Citing In re Volkswagen, Judge Ward denies transfer of injury case

By Michelle Massey, East Texas Bureau | Jun 24, 2009

MARSHALL -- Although the incident that is the basis of the lawsuit occurred at Tyler Junior College, U.S. District Judge T. John Ward denied the defendant's request to transfer the case to the federal court in Tyler.

MARSHALL -- Although the incident that is the basis of the lawsuit occurred at Tyler Junior College, U.S. District Judge T. John Ward denied the defendant's request to transfer the case to the federal court in Tyler.

Citing the case In re Volkswagen, Judge Ward wrote, "the defendants have not shown that the Tyler division is clearly more convenient than the plaintiff's chosen forum."

Gladewater resident John Henry Jackson filed the lawsuit after he fell from a construction basket that was 50 feet above the ground, while applying plaster to a building at Tyler Junior College.

John Henry and Vivian Jackson filed suit against GEHL Company, PEER Chain Company and RSC Equipment Rental Inc. on Feb. 9 in the Marshall Division of the Eastern District of Texas.

Jackson said that without warning the telescopic handler started to shake and the chain extending the boom malfunctioned.

According to court records, Jackson was dropped 30 feet causing serious injuries.

Jackson believes his accident was due to a defective and unreasonably dangerous telescopic handler and that a different design would have prevented his injuries.

Leased by RSC, the telescopic handler was manufactured by GEHL with a chain designed and manufactured by PEER.

GEHL Company filed the motion requesting the change in venue from the Marshall division to the Tyler division; both divisions are in the Eastern District of Texas and are approximately 60 miles apart.

The defendants maintain Tyler is a more convenient forum because it is the location of the incident, were the equipment was rented and the location of the entities involved in the construction activities.

In the opinion denying the motion to transfer, Judge Ward weighed several factors including public and private interests.

Citing the Fifth Circuit decision In Re Volkswagen, in which the court established a 100-mile threshold for the convenience or burden placed upon witnesses, Judge Ward said the defendants and their witnesses would have to travel from outside of Texas into either district "both divisions would be just as convenient."

Further, Judge Ward found the majority of the public and private interest factors to be neutral. Some of the factors considered include the relative ease of access to sources of proof, law familiarity, court congestion, and local interest.

"The Court rules that because the defendants have failed to show that the transferee venue is clearly more convenient than the venue chosen by the plaintiffs, the plaintiffs' choice of the Marshall division should be respected," stated Judge Ward within the opinion.

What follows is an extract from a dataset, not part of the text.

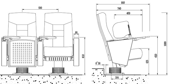 | 座椅深度:860±10mm,扶手高620±10mm:最小排距:900mm。 |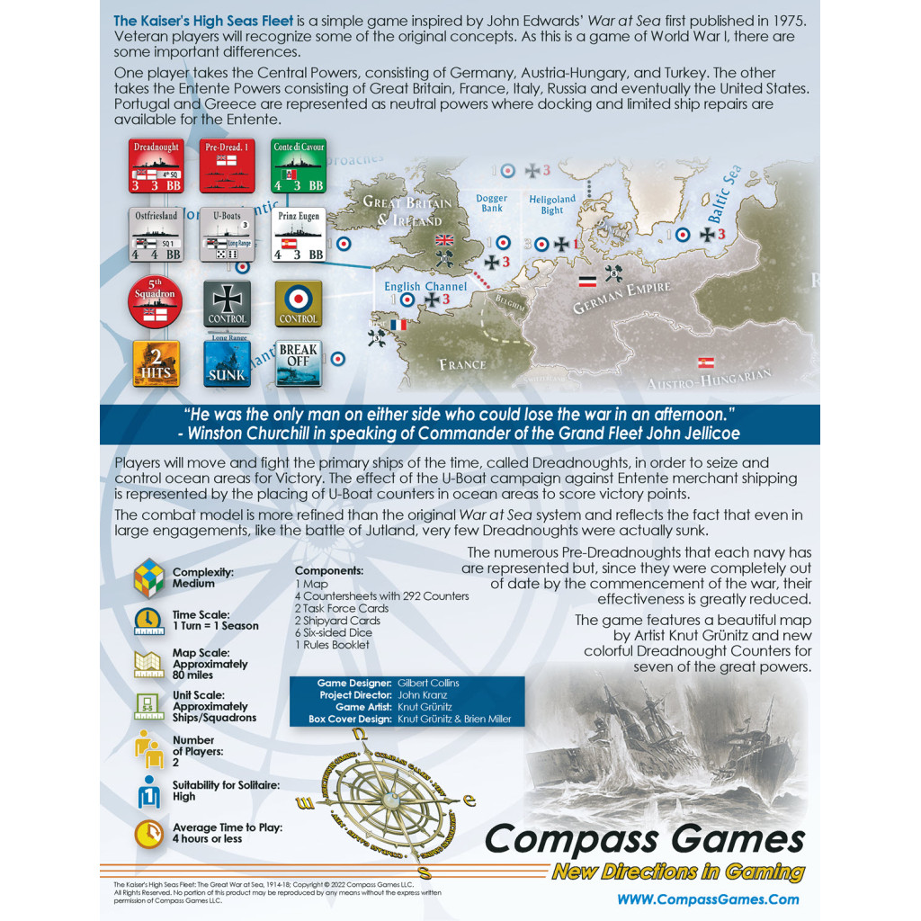 Players will move and fight the primary ships of the time, called Dreadnoughts, in order to seize and control ocean areas for Victory. The effect of the U-Boat campaign against Entente merchant shipping is represented by the placing of U-Boat counters in ocean areas to score victory points. The combat model is more refined than the original War at Sea system and reflects the fact that even in large engagements, like the battle of Jutland, very few Dreadnoughts were actually sunk.

The plaintiffs argue that the telescopic handler and chain were defectively designed and unsafe for its intended purpose. A safer alternative design would have prevented the accident and was economically and technologically feasible through the "application of existing or reasonably achievable scientific knowledge," the plaintiffs state.

The complaint alleges the defendants "failed to give adequate warnings of the product's dangers that were known or by the application of reasonably developed human skill and foresight should have been known and/or failed to give adequate instructions and warnings to avoid such dangers."

Jackson alleges RSC, the rental company, is liable for failing to exercise ordinary care, improper and inadequate maintenance of the telescopic handler.

Defendant GEHL denies the plaintiffs' allegations and states "the equipment in question was being used for a purpose (lifting personnel) which was specifically prohibited by two warning decals prominently displayed on the equipment as well as additional warnings in the operator's manual."

Defendant RSC also denies the plaintiffs' allegations and states that the equipment it rented was not defective or unreasonably dangerous. Further, RSC argues that the accident was caused by the negligence of the plaintiff or a third party and "any alleged risk or hazard with regard to the use of the subject products was obvious to the user."

The plaintiffs are seeking damages for physical pain and mental anguish, lost wages, loss of earning capacity, physical and mental impairment, medical expenses, disfigurement, and loss of consortium, pre and post-judgment interest.

Longview attorneys Glenn A. Perry and J. Ryan Fowler of Sloan, Bagley, Hatcher and Perry Law Firm are representing the plaintiffs.

Andrew Joseph Sarne of Godwin Pappas Langley Ronquillo in Houston is representing RSC Equipment Rental Inc. Robert G Smith of Lorance & Thompson PC in Houston is representing Gehl.